MPs' 25p 'latte levy' proves successful as disposable waste in Westminster plummets

Written by John Johnston and Alain Tolhurst on 16 August 2019 in Diary
Diary

Westminster's war on waste has resulted in an almost 75% drop in the use of disposable cups as MPs, peers and staff shift to reusable alternatives.

According to new data provided to Green MP Caroline Lucas, sales of disposable cups have plummeted from an average of 58,000 per month to just 15,000 since the surcharge was introduced, despite an significant increase in hot beverage sales.

Commons chiefs had introduced the 25p levy on disposable coffee cups in late 2018 as part of "pioneering changes" aimed at reducing the colossal amount of waste generated by Parliament.

Speaking on behalf of the House of Commons Commission, Liberal Democrat MP Tom Brake, said: "In the nine months to September 2018, before the 25p surcharge... sales for hot beverages was £655,640... In the ninth months to date, after the surcharge... sales were £727,203.

He added: "There has been a reduction from 58,000 paper cups per month being sold to 15,000 on average."

The clampdown, which came amid growing concern about the impact of plastic waste on the world's oceans, also included the removal of single use condiment sachets from Commons cafes and a ban on the sale of plastic water bottles.

MPs had committed to lead the way on reducing waste in Westminster after a 2018 report found the UK threw away an estimate 2.5 billion disposable cups every year - enough to circle the planet five and a half times.

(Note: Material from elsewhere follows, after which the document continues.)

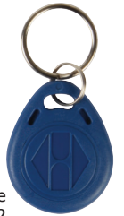
optional access badge part # HAA2866/TAG2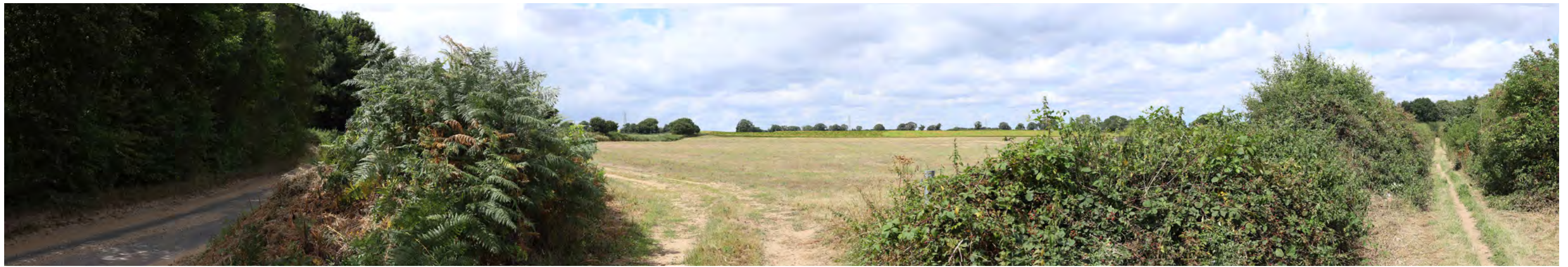
View 10: From Weston Road, looking north

Announcing the plans, Commons Administration Commitee chair Sir Paul Beresford said: "The measures we are introducing are ambitious and wide ranging, covering not just coffee cups but an array from plastic bottles and straws to condiment sachets and stationary."

The Tory MP added: "Our aim is to remove, as far as possible, disposable plastic items from the Parliamentary Estate.

"Our challenging targets reflect Parliament's committment to leading the way in environmental sustainability."

The scheme's success is likely to empower ministers who have previously mulled rolling out the levy across the UK in a bid to curb the use of throwaway plastics.